Delivering News That Matters

WHAT NOW?

Over the past month, it has been easy to assume that the selling is never going to let up, even temporarily. Support and resistance don’t seem to matter, moving averages don’t matter, and all anybody can talk about is how low it can go. However, you have to ask the important question: Is this amount of selling really warranted?

During emotional times in the market, moves can become based on fear and fear alone. And during these times, it is your job to figure out when enough is enough in terms of the market’s discounting of what “could” happen. It is vital to be able to identify the drivers of the action. You need to identify what is real and what is based on uncertainty.

Within 15 minutes of the open on Tuesday these questions became even more important.. With the market suddenly down ANOTHER 300 points, and any and all support levels broken, it was time to ask the hard questions. With the S&P 500 down 14.5% from its high of April 23rd, it was rational to believe that we deserved a bounce very soon. However, if we missed something, and the market was instead discounting what “was” happening, then it was time to welcome the bear.

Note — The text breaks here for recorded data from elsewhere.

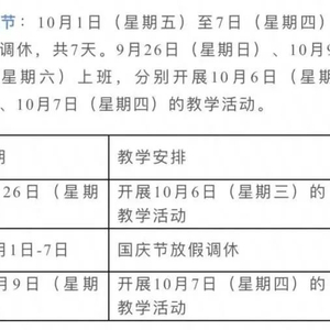 10月1日至7日放假调休,共7天;9月26日(星期日)、10月9日(星期六)开展教学活动。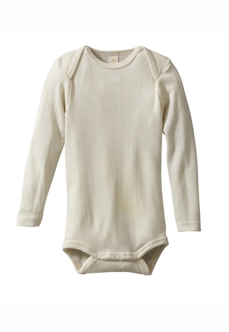 Baby Body langarm, Wolle/Seide - naturweiß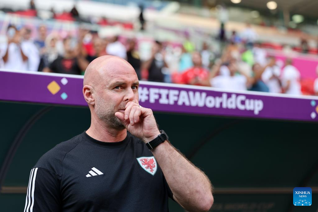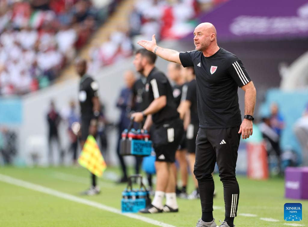Rob Page, head coach of Wales, reacts before the Group B match between Wales and Iran at the 2022 FIFA World Cup at Ahmad Bin Ali Stadium in Al Rayyan, Qatar, Nov. 25, 2022. (Xinhua/Xu Zijian)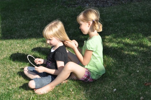I couldn’t resist grabbing my camera and snapping a photo because it seemed to represent the fact that the girls are getting old enough to move into a whole new phase of friendship. The kind where they share tender moments of doing each other’s hair while sharing confidences and the secrets of their hearts.

Will the debt mess in Europe create another economic slowdown around the globe? Again, these were the questions that needed to be asked Tuesday morning at 9:40 am eastern time with the Dow down -292 points. While things can definitely get worse in Europe, it is critical to understand that this time around, policymakers know what is happening and what to do. So, while the swap spreads in Spain and overnight LIBOR rates are definitely on the rise, they are nowhere near the levels seen in 2008. While credit markets are tightening, they are still functioning. And understand that if conditions in the credit market tighten much further, there is VERY strong chance you’ll see the Fed, the ECB, and just about every other central bank around the world step in and take action to reinforce the idea of “don’t fight the fed.”

If you assumed that a 14.5% decline discounted an awful lot of stuff that “could” happen, then a bounce was inevitable. I’m not sure how far it will go or how long it will last, but things got a little excessive yesterday. and as I stated recently in another article: “But during these highly volatile markets it is important to remember that when they sell off they sell off with a vengeance and when they buy them they run them up, way too far, way too fast.”